Forest bathing (Shinrin-yoku) can help improve concentration by immersing yourself in nature. Choose a safe natural setting without distractions and use all five senses when taking in what nature offers – bring along a cushion for comfort or even a journal to record what you experience (but watch out for poison ivy!). If desired, bring along an additonal item such as a sit pad for added support if possible (just make sure there aren’t any poisonous plants nearby!).

Nature walks also help promote mindfulness, helping reduce stress by emphasizing living in the moment and teaching you to identify and let go of negative thoughts that arise during walking trips.

Forest bathing therapists advise starting small; starting by giving yourself five to 10 minutes daily until reaching 120 minutes every week. Keep practicing, the more benefits will accrue!

3. Boosts immunity

Forest bathing can do much more than boost your attention and focus – it can also boost your immunity system! Studies have revealed that phytoncides, or wood essential oils released by trees and plants in a forest environment have shown to boost natural killer cell activity – this being beneficial for people suffering from auto-immune disorders or other chronic health conditions.

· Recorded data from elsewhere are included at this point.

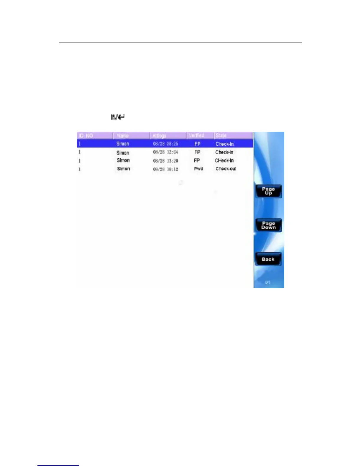 Scroll ▲/▼ key to browse the attendance log line by line.
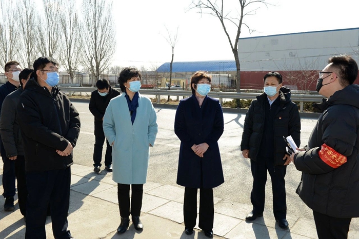 3月13日下午,市國資委黨委副書記、副主任晉秋紅前往大興區西紅門鎮振亞莊村,現場調研北化集團疫情防控和下沉干部工作情況,并向振亞莊村捐贈防護物資和慰問品。北化集團黨委副書記吳瑞峰向晉秋紅一行介紹了集團公司復工復產情況,并就集團公司承擔的七項疫情防控保障任務作了簡要介紹,北化集團團委副書記、下沉團隊臨時黨支部書記聶晶匯報了下沉駐村干部工作情況。
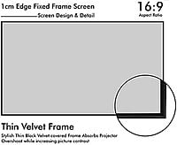 184" Silver pro Micro Perforated 1cm Edge Frame Screen with Aspect Ratio : HDTV 16:9; Viewing Area : 90 X 160 (inch);Black Velvet & Slim Frame; Ultra high definition image & wide angle viewing angle.
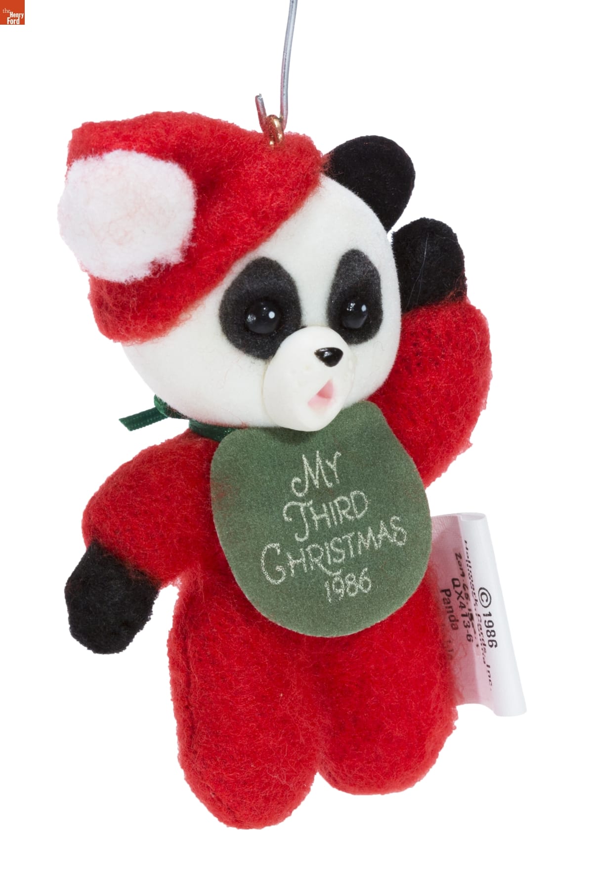 I'm a beary merry panda / with just one job to do-- / I've come to decorate your tree / especially for you. / So find a very special bough, / one just right for me, / So everyone will see this is / your Christmas number three! / KEEPSAKE ORNAMENT / (C) 1986 Hallmark Cards, Inc., K.C., Mo. 64141 / Made in China QX413-6

Carmichael and McEwan advise incorporating forest bathing into your daily life, whether that means taking a slower-paced stroll around your block or seeking out green spaces on your commute – even if it just means switching your perspective, according to them, it still offers benefits.

Qing Li, who has studied shinrin-yoku for many years and serves as president of the Society for Forest Medicine in Japan, asserts that people must spend more time outdoors. We were created to be connected to nature.

4. Increases creativity

Forest bathing enhances creativity by helping the part of the brain that’s stimulated by stress to relax, leading to clearer thinking and improved concentration.

Qing Li of Japan conducted extensive shinrin yoku research. Forest bathing increases immunity by stimulating the release of phytoncides – essential oils from wood that help fight diseases – as well as decreasing time spent being sick by increasing your natural killer cells.

Even in busy urban environments, incorporating shinrin yoku into everyday routine is possible by slowing down on your walk to work or choosing routes with more vegetation. Kirsten McEwan, an expert on health and wellbeing research suggests starting off small – five to 10 minutes of outdoor time daily before gradually building it up to 120 minutes over seven days.

5. Boosts mood

Imagine strolling through a forest as birds sing melodies around you, the wind softly blows trees, and sunlight filters through leaves – that’s forest bathing, commonly known as shinrin-yoku in Japan. According to researchers, forest bathing helps relieve stress while simultaneously improving mood, immune function, clearing the mind, and providing inner space to relax in.

Forest bathing differs from hiking in that you take it at your own pace with mindful focus, rather than sweating through or swatting away bugs. Forest bathing allows you to observe your environment with an emphasis on engaging all five senses; sight, smell, touch and sound should be engaged. Therefore it’s ideal to go somewhere without many distractions such as a park; then silence devices so your mood improves and you feel its benefits!